Exercise brief
In the material below, the lines between the one holding "리버풀은 11일(이하 한국시간)" and the one holding "Slice the avocado", inclusive, are to be set down word for word. Pictures stay out.
═══ Dataset content ═══
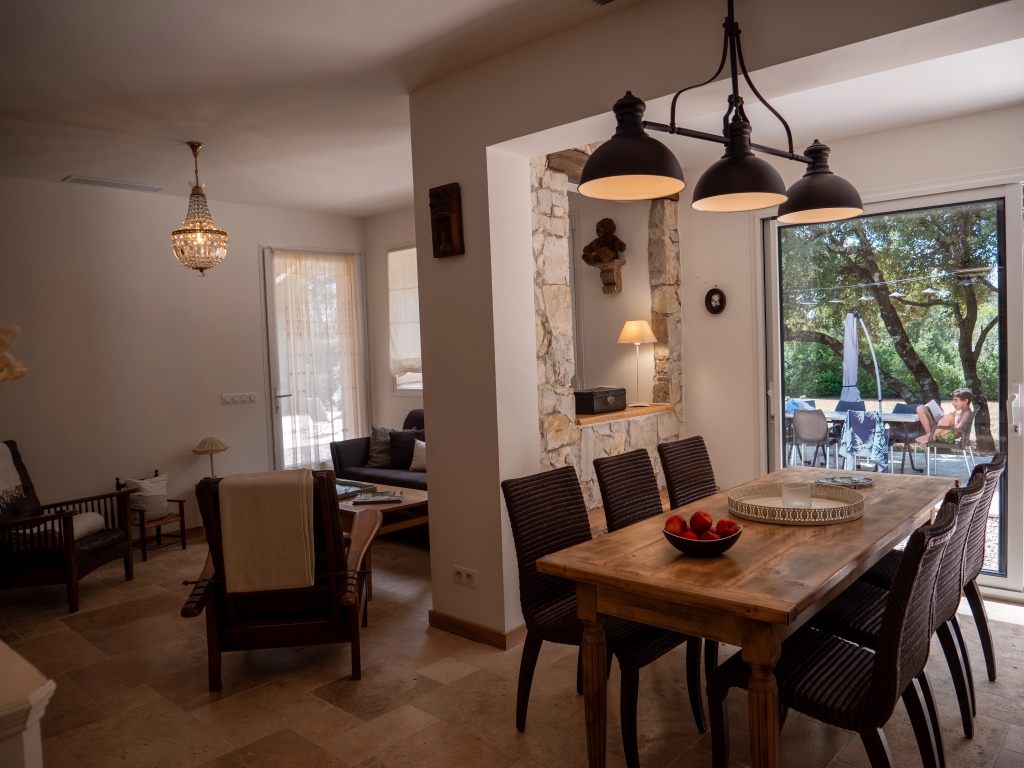 Outside, tables and chairs are laid out on a beautiful terrace shaded by a majestic oak tree, the ideal place for your aperitifs and meals. There is also a covered area for outdoor cooking, with a gas griddle and pizza oven.
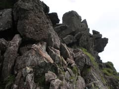 Ⅰ峰からさらに奥へ、巨石を飛び渡ってⅡ峰への登りに取り付く。鎖場を登ると巨石が累々と積み重なるⅡ峰の頂上に着く(標識有り)。岩と岩の間は深く、万一落ちるとタダではすまない。右(北)側は溶岩台地で、台地を挟んで前回登った大岳のピークが眺められる。ペンキのマーキングを頼りに巨石帯を進むと、三ッ岳最高地点のⅢ峰頂上に着く(ここにも標識有り)。北横岳やその手前の北横岳ヒュッテが間近に眺められる。
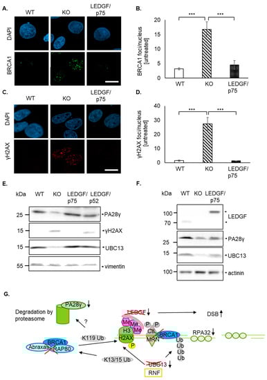 Since the persistent DNA fragmentation in LEDGF KO cells still allows proliferation, we investigated whether the persistently high γH2AX could be also related to an insufficient degradation of the γH2AX. An efficient and coordinated degradation of signaling molecules is necessary for an efficient DDR, which is also accompanied by a vast amount of proteasome-independent K63-linked ubiquitin modifications of the signaling molecules. The protein ubiquitylation plays a central role orchestrating the DDR, whereby K63 linkages promote protein recruiting and K48 linkages destabilize the protein (degradation) [39]. At the end of the signal transduction, many DDR-involved molecules e.g., γH2AX, are degraded by the proteasome [16,40,41]. Interestingly, it has been shown that the knockout of the nuclear proteasome activator PA28γ led to persistent γH2AX foci, even after signal termination [20]. These persistent γH2AX foci interfere with new DNA damage signals, which lead to an overall reduced DDR and thus to genetically unstable cells. Consequently, LEDGF-depleted cells were investigated for their PA28γ expression, and indeed, PA28γ protein levels were decreased. As demonstrated for PA28γ knockout cells, LEDGF depletion also resulted in a decreased PA28γ protein level. This might indicate that the sustained γH2AX foci and BRCA1 foci are also a result of the diminished degradation of these molecules. Moreover, the proteasome recycles ubiquitin by degrading proteins, which is required indirectly for the ubiquitin signaling in DDR, as it supplies the DNA repair ligases e.g., UBC13 with ubiquitin [42]. However, an effect of limited ubiquitin is very speculative and has been investigated in this study. Nonetheless, UBC13 has been previously suggested to ubiquitinate γH2AX molecules, which subsequently allows the binding of BRCA1 to initiate the degradation of γH2AX [43]. Therefore, the UBC13 expression was also verified in the LEDGF KO cells and as expected UBC13 protein levels were abrogated (Figure 5). A possible scenario how the LEDGF KO affects the HR-mediated DDR was illustrated in Figure 5G.
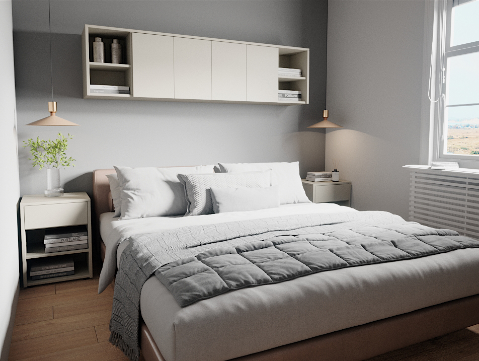Ähnlich dem Platz über der Tür kannst Du den Schlafbereich rund ums Bett für Stauraum nutzen. Hierbei lohnt sich eine Kombination aus Schrankwand und Hängeschränken, um ein bogenförmiges Ensemble als optischen Rahmen über dem Kopfteil des Bettes zu kreieren. In den oberen Schränken kommen z. B. saisonale Bettbezüge, Gästebettzeug oder Taschen und Koffer unter, die Du nur ab und zu brauchst. Alternativ dienen Hängeregale als tolle Möglichkeit, um Zimmerpflanzen in Szene zu setzen, die das Raumklima beim Schlafen verbessern.
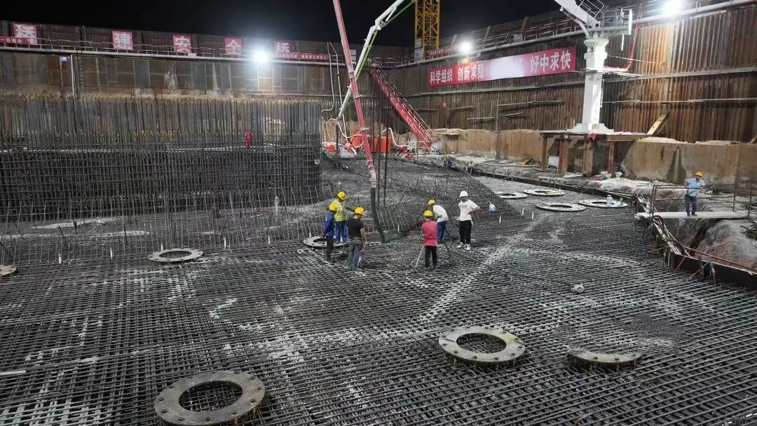 據(jù)悉,自6月7日晚11時(shí)40分開啟首次澆筑,大橋局的建設(shè)者們僅用時(shí)24天就完成了主墩承臺(tái)大體積混凝土的澆筑工作。4號(hào)主墩承臺(tái)共澆筑混凝土23614.5立方,消耗鋼筋3498.3噸。4號(hào)主墩承臺(tái)的成功澆筑,標(biāo)志著大橋南岸主墩將進(jìn)入可視化施工階段。
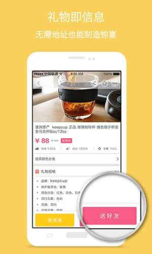 [送好友]全新的送礼物体验,用户可以选完礼物后,完成付款,付款后留下祝福的文字,通过即时通信应用如:微信QQ发送给收礼人,由收礼人填写或确定收货信息,而且收礼人的收货信息对送礼人是完全保密的,这样不到一分钟就完成了线上送礼物。
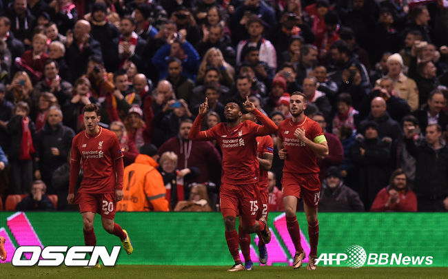 리버풀은 11일(이하 한국시간) 새벽 영국 리버풀 안필드서 열린 2015-2016 유럽축구연맹 유로파리그 16강 1차전 홈경기서 전반 스터리지의 페널티킥 선제 결승골과 후반 피르미누의 추가골에 힘입어 맨유를 2-0을 물리쳤다. 이로써 리버풀은 오는 18일 가벼운 발걸음으로 맨유 원정길에 오르게 됐다.
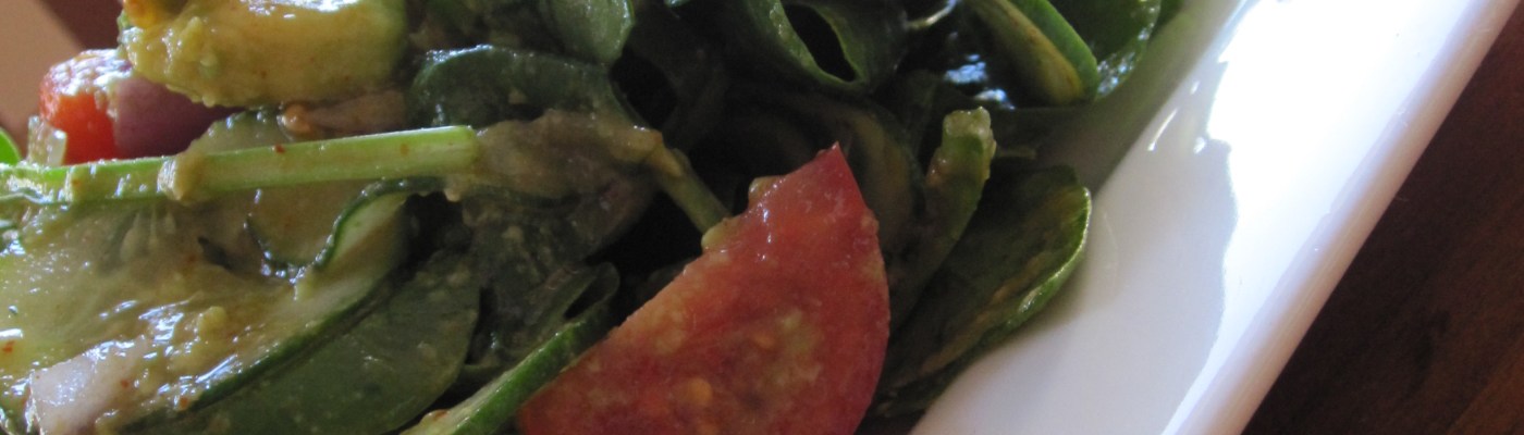 Slice the avocado in half and spoon out the flesh – dice. In a large mixing bowl combine with all the other ingredients. Toss really well so that the avocado, salt, cayenne, oil and lemon coats the greens. Serve. Makes 4 side serves.
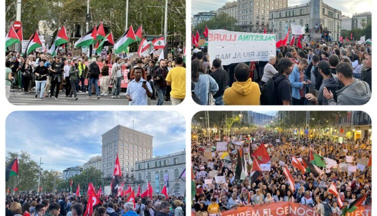 سپین میں فلسطین کے حق میں مظاہروں کا سلسلہ جاری ہے۔ آج بارسلونا کی شاہراہوں پر ہزاروں افراد نے جمع ہوکر فلسطین کے حق میں احتجاجی ریلی نکالی۔ ریلی میں بارسلونا کے علاوہ دیگر شہروں سے بھی لوگوں نے بھرپور اندازمیں شرکت کی۔ بارسلونا اور گردونواح میں مقیم پاکستانیوں نے بھی مظاہرے میں شریک ہوکر فلسطین کے لئے آواز حق بلند کی۔
═══
Problem solution
 리버풀은 11일(이하 한국시간) 새벽 영국 리버풀 안필드서 열린 2015-2016 유럽축구연맹 유로파리그 16강 1차전 홈경기서 전반 스터리지의 페널티킥 선제 결승골과 후반 피르미누의 추가골에 힘입어 맨유를 2-0을 물리쳤다. 이로써 리버풀은 오는 18일 가벼운 발걸음으로 맨유 원정길에 오르게 됐다.
 Slice the avocado in half and spoon out the flesh – dice. In a large mixing bowl combine with all the other ingredients. Toss really well so that the avocado, salt, cayenne, oil and lemon coats the greens. Serve. Makes 4 side serves.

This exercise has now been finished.